• _Raw data_
=-=-=
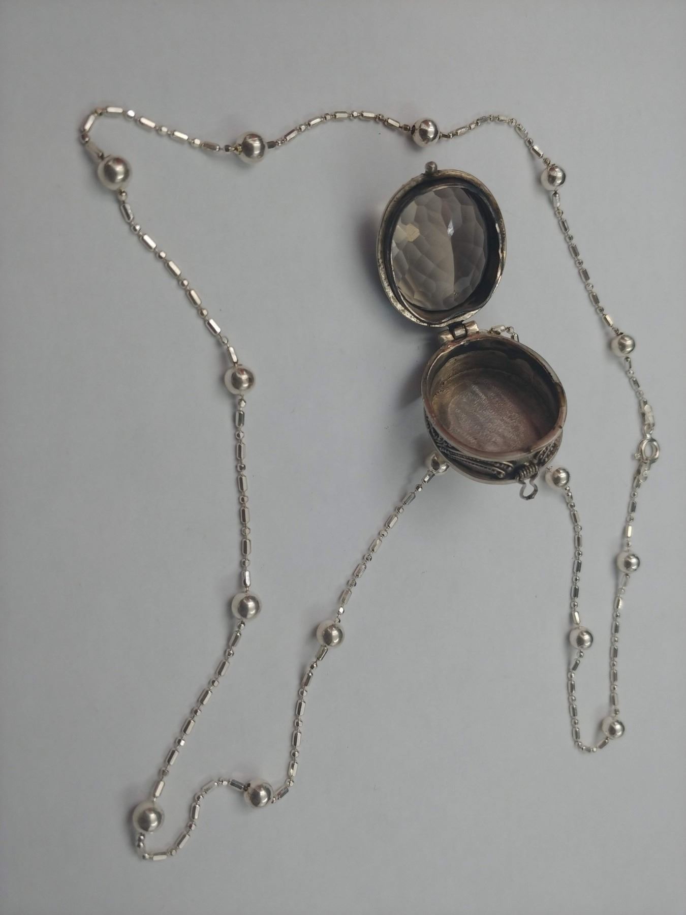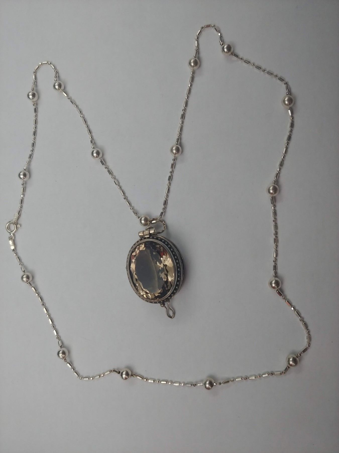 .925 STERLING SILVER NECKLACE WITH BROWN STONE LOCKET
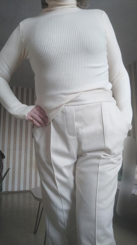 The seams are visible at the neckline when you make a turn-down, because they should be on the other side so they aren't visible. Otherwise, it's a very beautiful blue color, thin, but I think it will be warm for autumn-spring. It fits my 52 okay.
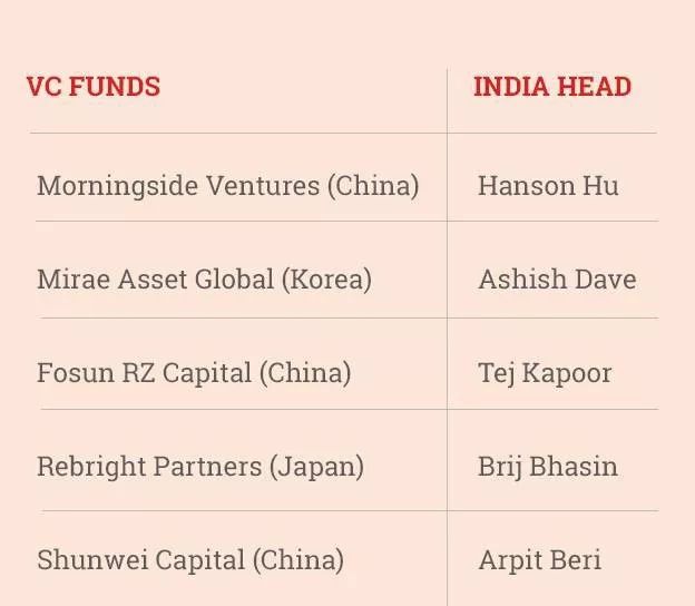 此外,日本风险基金Rebright Partners,聘请了Bhasin Singh担任其印度业务主管;韩国基金Mirae Venture最近雇佣了Ashish Dave;中国的顺为资本也有了Arpit Beri加入。
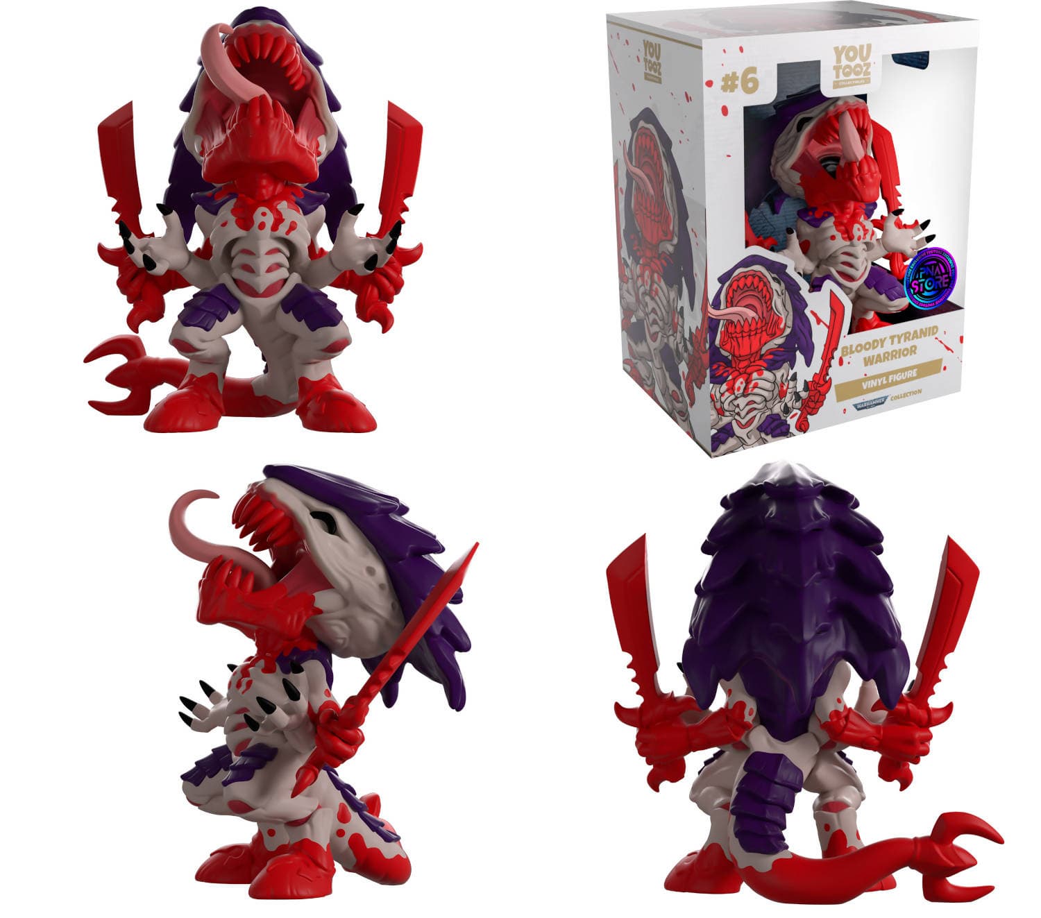 Фигурка Тиранида-воина высотой 10,7 см изображает монстра в атакующей позе с раскрытой пастью, из которой виднеются острые зубы и розовый язык, испачканный кровью. Голову серого цвета украшает выдающийся фиолетовый панцирь. Две из четырех рук сжимают окровавленные красные костяные мечи, а две другие вытянуты вперед.
=-=-=
• _Goal of the exercise_
Your answer must be an exact copy of the lines from the line with "The seams are" to the final line of the data, both ends included, and no pictures.

• _Answer section_
 The seams are visible at the neckline when you make a turn-down, because they should be on the other side so they aren't visible. Otherwise, it's a very beautiful blue color, thin, but I think it will be warm for autumn-spring. It fits my 52 okay.
 此外,日本风险基金Rebright Partners,聘请了Bhasin Singh担任其印度业务主管;韩国基金Mirae Venture最近雇佣了Ashish Dave;中国的顺为资本也有了Arpit Beri加入。
 Фигурка Тиранида-воина высотой 10,7 см изображает монстра в атакующей позе с раскрытой пастью, из которой виднеются острые зубы и розовый язык, испачканный кровью. Голову серого цвета украшает выдающийся фиолетовый панцирь. Две из четырех рук сжимают окровавленные красные костяные мечи, а две другие вытянуты вперед.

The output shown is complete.